Yöremizin zeytinlerinin de birkaç çeşidi var. Zeytinlerimiz yeşil iken, kararmadan olguncalarını, büyükçelerini sıyırıyoruz. Bunları taşla kırıyoruz, bunlara ‘kırma’ diyoruz. Biz bunlara kendi deyimimizle ‘çekiçte’ deriz. Ama burada ‘kırma’ diyorlar. Çok güzel yemekliği olur. Biraz daha yetişmeye yakınken alıyorsunuz, yerken o zeytin zeytin lezzetini ağzınızda buluyorsunuz. Buranın insanı kahvaltıda çekiçteyi tercih ediyor. Bunları tatlandırırken, sofranıza koyacağınız zaman biraz yağ, birazcık kekik, 2-3 tane kırmızı biber atıyorsunuz, 1 limon sıkıyorsunuz, çok nefis oluyor kahvaltıda. Bundan sonra zeytinlerimiz artık biraz biraz siyahlaşmaya başlıyor, artık olgunlaşıyor, o zaman da silkiliyor. Biz bu zeytinleri silktiğimiz zaman bez üzerine silkiyoruz, bu bez üzerinden ilk önce yemekliğini alıyoruz. Yemekliği karışık vaziyette alıyoruz, kırmızı da alıyoruz, yeşil de alıyoruz, siyah da alıyoruz. Akşam bu zeytinleri bıçakla dilerken, -elde diliyoruz, makinede değil- o zaman kısımlara ayırıyoruz; yeşil, kırmızı, siyah… Siyahlar yağlı zeytin oluyor, onlar zeytinyağına bırakılıyor, limonla. Kırmızıları limonlu, ekşili suya salamura yapıyoruz. Yeşilleri de kırmaya bırakıyoruz. Bu şekilde yemeklik zeytinlerimizi tamamlamış oluyoruz. Bunu uzun süreli, 1-2 yıl saklayabilmek için büyük küplere basıyoruz. Olur ya bazen zeytin olmuyor, ikinci sene ne satacaksınız? 25 kg’lık bir plastik bidona %12 nispetinde tuz koyuyoruz. Bir kere suyunu süzüyoruz, çiziyoruz, koyuyoruz. Aradan 15-20 gün geçiyor suyunu süzüyoruz, %12-15’lik olması şartıyla tuzlu suyu koyuyoruz. Yeni bir tuzlu su… Ağzını kapatıyoruz, atıyoruz depoya. İhtiyacınız yoksa bir sene boyunca bakmıyorsunuz buna. Bir sene sonra ihtiyacınız olduğu zaman onun tuzlu suyunu bırakıyorsunuz, tatlı su koyuyorsunuz; suyunu bırakıp tekrar tatlı su koyuyorsunuz, tuzu üzerinden gittikten sonra yine hafif bir tuzlu su, nispet dahilinde limon tuzu koymak suretiyle artık salamura suyunu hazırlamış oluyorsunuz; zeytininiz de tatlanmış zaten, tuzu gitmiş, içine bırakıyorsunuz, artık bir daha bozulma şansı yok…

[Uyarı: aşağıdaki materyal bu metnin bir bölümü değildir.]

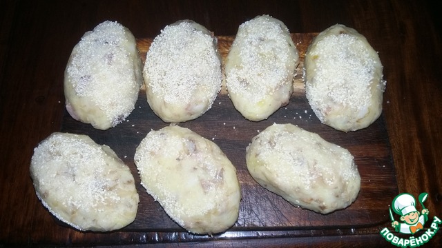 Бекон нарезать маленькими кусочками и обжарить. Соединить все ингредиенты. При необходимости добавить муки. У меня картошка с высоким содержанием крахмала и мне мука не понадобилась.
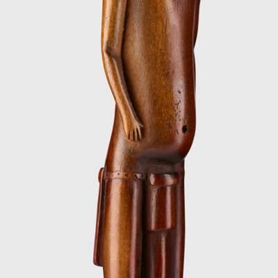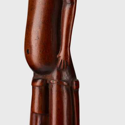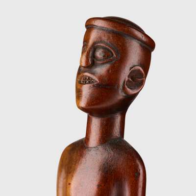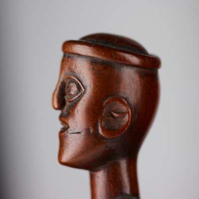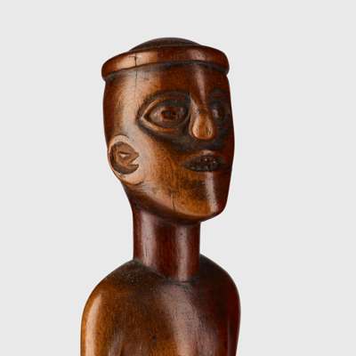 “As early as the mid to late nineteenth century, several Zulu carvers living in the Pietermaritzburg and Durban areas of the Colony of Natal began to produce figurative staffs and statuettes inspired by the example of migrant Tsonga sculptors familiar with the tradition of carving didactic works for use in initiation lodges. Because of their close proximity to major colonial centres, these Zulu carvers adapted their skills to serve different markets. Many made works for European buyers while at the same time producing staffs for local African elites. Examples like this one were presumably made for sale either to chiefs or to comparatively wealthy household heads. Although it is not clear precisely what function these staffs might have served, it is fair to assume that they were carried at public functions like weddings and celebrations in honour of the ancestors. As such, these staffs would have drawn attention to the wealth and/or status of the owner.” (Klopper, Nettleton and Pethica 2007)
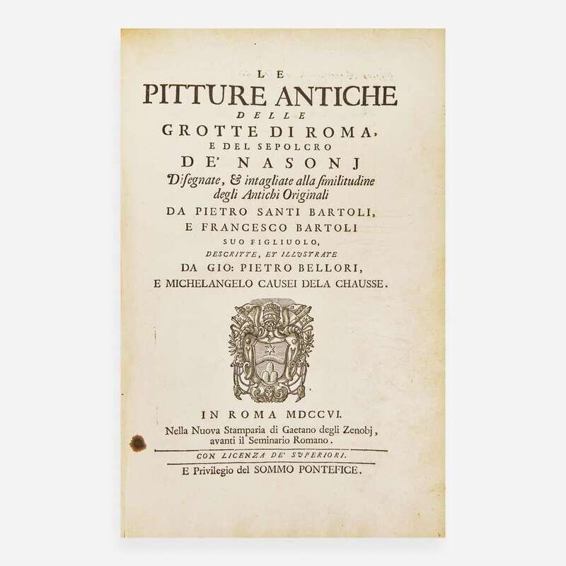 Roma: Gaetano degli Zenobi, 1706. Folio, 14 5/8 x 9 3/8 in. (371 x 238 mm). (viii), (iv), 63 pp. Illustrated with 75 engraved plates by Giovanni Pietro Bellori, and his son, Francesco, and with the woodcut arms of Pope Clement XI on title-page. Contemporary full vellum, spine labels perished, vellum soiled, spine ends and corners worn; speckled red edges; 20th century ownership signature on front paste-down, book-plate of the Royal Society of Literature on same and crossed out in purple pencil and noted “sold”; scattered minor soiling in margins; small loss in corner of pl. XXI, just touching image. A reprint of the 1680 publication by Italian antiquarian and art theorist Giovanni Pietro Bellori and Italian engraver Pietro Santi Bartoli's work on the Roman Tomb of the Nasonii family. Constructed in the second century AD, the tomb was discovered during the expansion of the Via Flaminia in the late 17th century. Over the ensuing years the mausoleum suffered severe damage and looting, and Bartoli's engravings, executed just after it was discovered, serve as the only extant visual record of the tomb before its degradation.
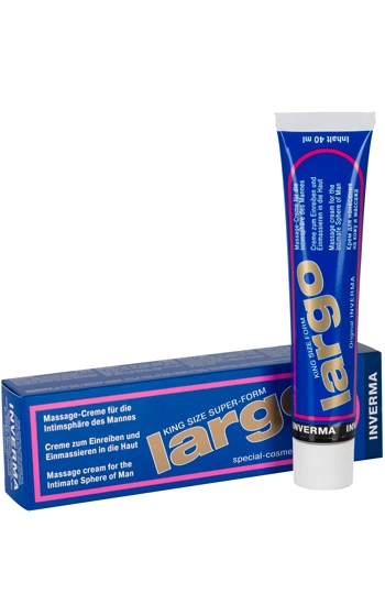 Beskrivning: Kräm för honom som säkerställer en hårdare och starkare erektion nästan direkt efter applicering. Largo King Size kan utan problem användas dagligen. Massera in krämen på penis och förvånas över den omedelbart värmande och vitaliserande effekten. Largo stimulerar samtidigt också blodcirkulationen, för en maximerad storlek och hårdhet. Storleksökningen kommer huvudsakligen via tillsatsen av capsaicin (ett chili-extrakt).

Homeros'un deyişiyle "sıvı altın"ın kaynağı, zeytin.
Homeros’un deyişiyle “sıvı altın”ın kaynağı, zeytin.

Bir yandan ihtiyacımız var yapıyoruz, bir yandan da zevk için yapıyoruz aslında. Biz bu işe başladık başlayalı yemeklik zeytini asla yağ çıkarmak için atmayız. Bizde hanımlar zeytinyağını bol bol kullanırlar yemeklerde. Başka bir şey kullanmayız zaten. Köylü olarak ayçiçek yağı diye bir şey girmez bizim mutfağa. Sadece bazı ailelerde tatlılarda, keklerde biraz kullanılır. Biz genelde tatlılarımızı bile zeytinyağı ile yaparız.

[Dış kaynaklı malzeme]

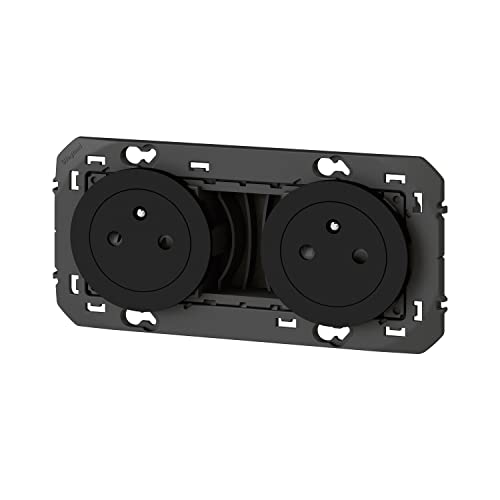 LEGRAND – Prise Double Murale 16A avec Terre dooxie Surface – Prise 2P + T Affleurante avec Fond Rétractable – Fabriqué En France – Noir
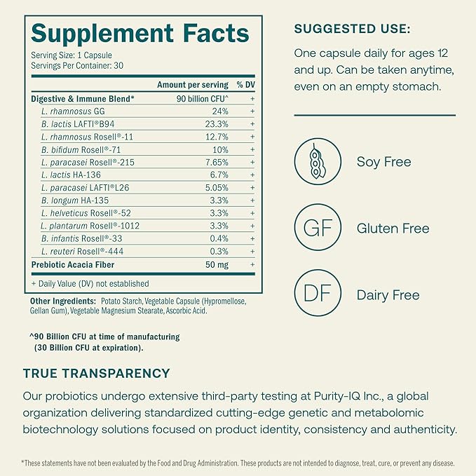 - TRUE TRANSPARENCY - It's important to know the specific probiotic strains and doses you're getting because different strains offer different benefits, which are dose dependent. We’ve selected the most rigorously researched probiotic strains shown to be effective and provide the exact percentage of the total CFU count made up of that specific strain. To offer you another layer of certainty, we use DNA testing to verify the probiotic strains and quantities in our targeted blends.
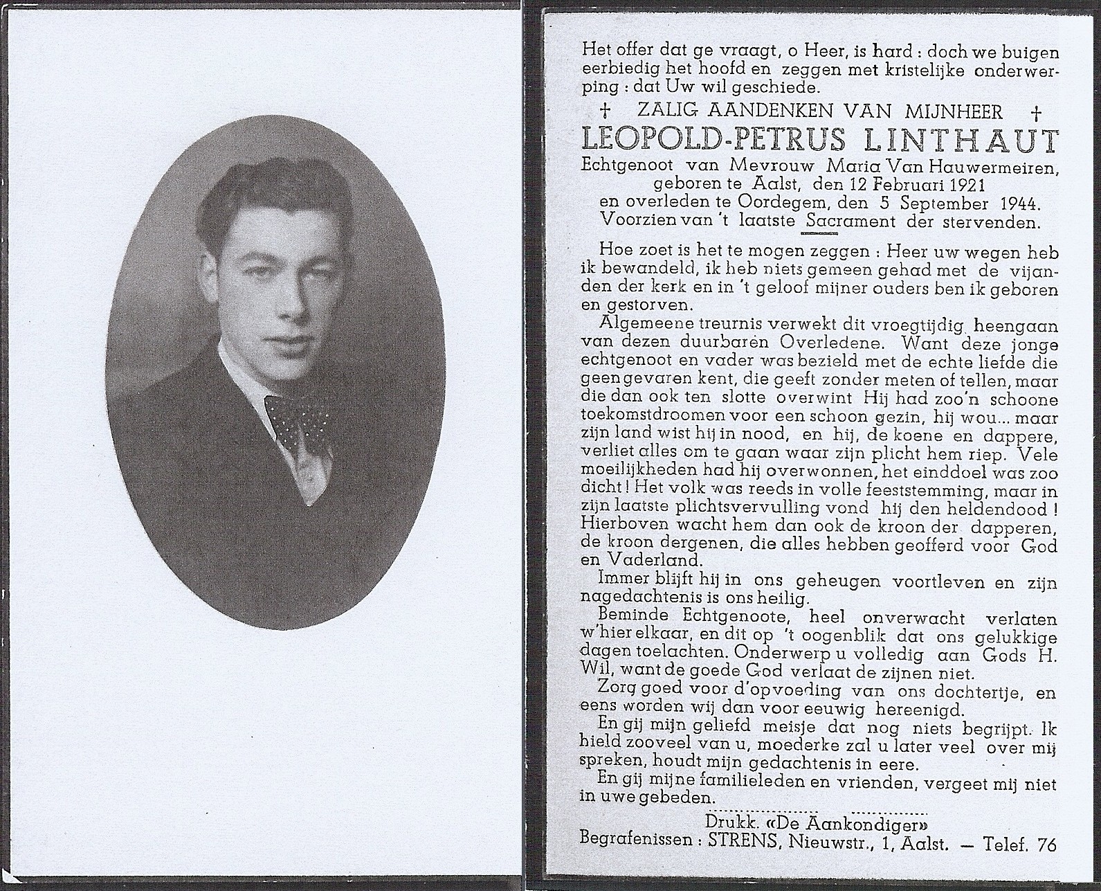 Leopold-Petrus Linthaut Geboren: 12 februari 1921 — Aalst Overleden: 5 september 1944 — Oordegem |
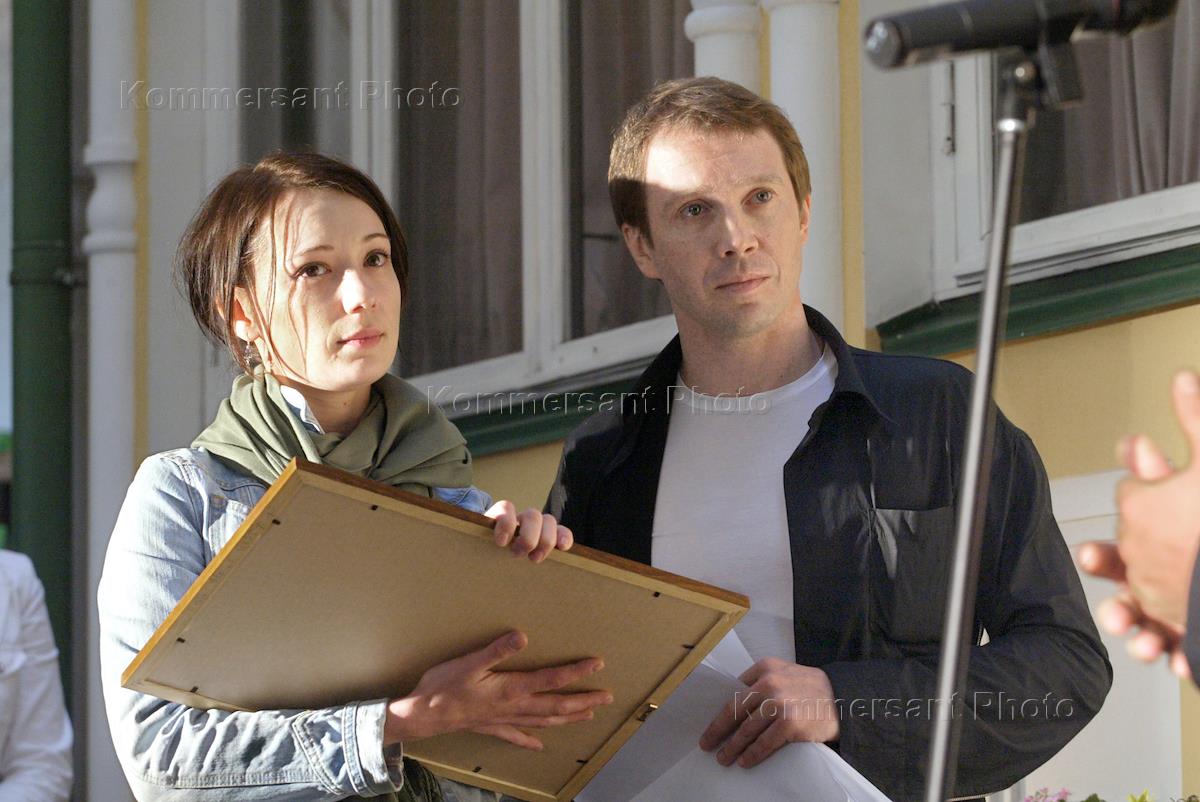 Актеры Чулпан Хаматова (слева) и Евгений Миронов (справа) на церемонии вручения театральной премии "Акция". Церемония прошла в ресторане "Обломов".

Ben 73 yaşındayım. 73 seneden beri hiç bu şekilde yağmur olduğunu görmedim. Bu ancak sayılı günlerde olur. Eyembuhurda olur (Bkz; Eyyam-ı Bahur), hıdrellezde olur, ülker dönümü fırtınası, ülkerde olur. Bu dönemlerde olan fırtınalar zeytine zarar verse de belirlidir, kendini ona göre hazırlarsın. Temmuz’un 9’unda, 11’inde hiç böyle bir kuvvette yağmur olmamıştı, biz ansızın yakalandık. Harmanın varsa ıslandı, sabanın varsa ıslandı, artık her şey ıslandı, zarar verdi. Bağımız varsa direkler yattı, yere yıkıldı, oradan zarar. Ama zeytinler bu işten çok mutlu oldular. Biz de oradan zararımızı telafi edeceğiz. Şu anda zeytinlerimiz çok besili. Zeytin ne kadar besili, yağlı, etli olursa yağ oranı da o kadar fazla olur. Yemeklik lezzeti de ona göre olur. Dilme yapacağız, lezzeti olur, kalitesi olur, randımanı olur…

Zeytinyağı Degüstatörü Mehmet Cavlı Anlatıyor…

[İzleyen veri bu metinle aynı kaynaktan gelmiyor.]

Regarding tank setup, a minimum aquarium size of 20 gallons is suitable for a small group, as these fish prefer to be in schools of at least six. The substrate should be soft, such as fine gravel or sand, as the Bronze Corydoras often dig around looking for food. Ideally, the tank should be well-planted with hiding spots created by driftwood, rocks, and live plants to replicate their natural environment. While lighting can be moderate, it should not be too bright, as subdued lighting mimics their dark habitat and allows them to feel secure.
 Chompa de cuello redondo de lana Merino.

Ayvalıklıyım, burada doğdum. Zeytinin toplanmasından, yetişmesinden, yağının sıkılmasına bütün operasyonlarda küçüklüğümden beri bulunuyorum. 25 senedir de bu sektörün içindeyim. Kendim zeytinyağı degüstatörü ve satın alma sorumlusuyum. Kalitesinden, imalatından, dolumundan piyasa pazarına kadar yakın takipte bulunmaktayım. Zeytinyağı sevgi ile olur, aşkla olur. Zeytinyağını severseniz yapabilirsiniz, anlarsınız. Çok özel bir üründür… Sevgisiz hiçbir şey güzel olamaz; zeytinyağı bilhassa bunu çok istiyor. Çok meşakkatli, kış meyvesi; toplanması ve sıkılması kış şartlarında çok zor olan bir ürün. Bir kültürdür zeytinyağı, bu kültür bir kere oluştu mu kolay kolay vazgeçilemez. Oluşması zordur, zor öğrenilir, oluştuğu zaman da zeytinyağı tutkusu bir daha kaybolmaz.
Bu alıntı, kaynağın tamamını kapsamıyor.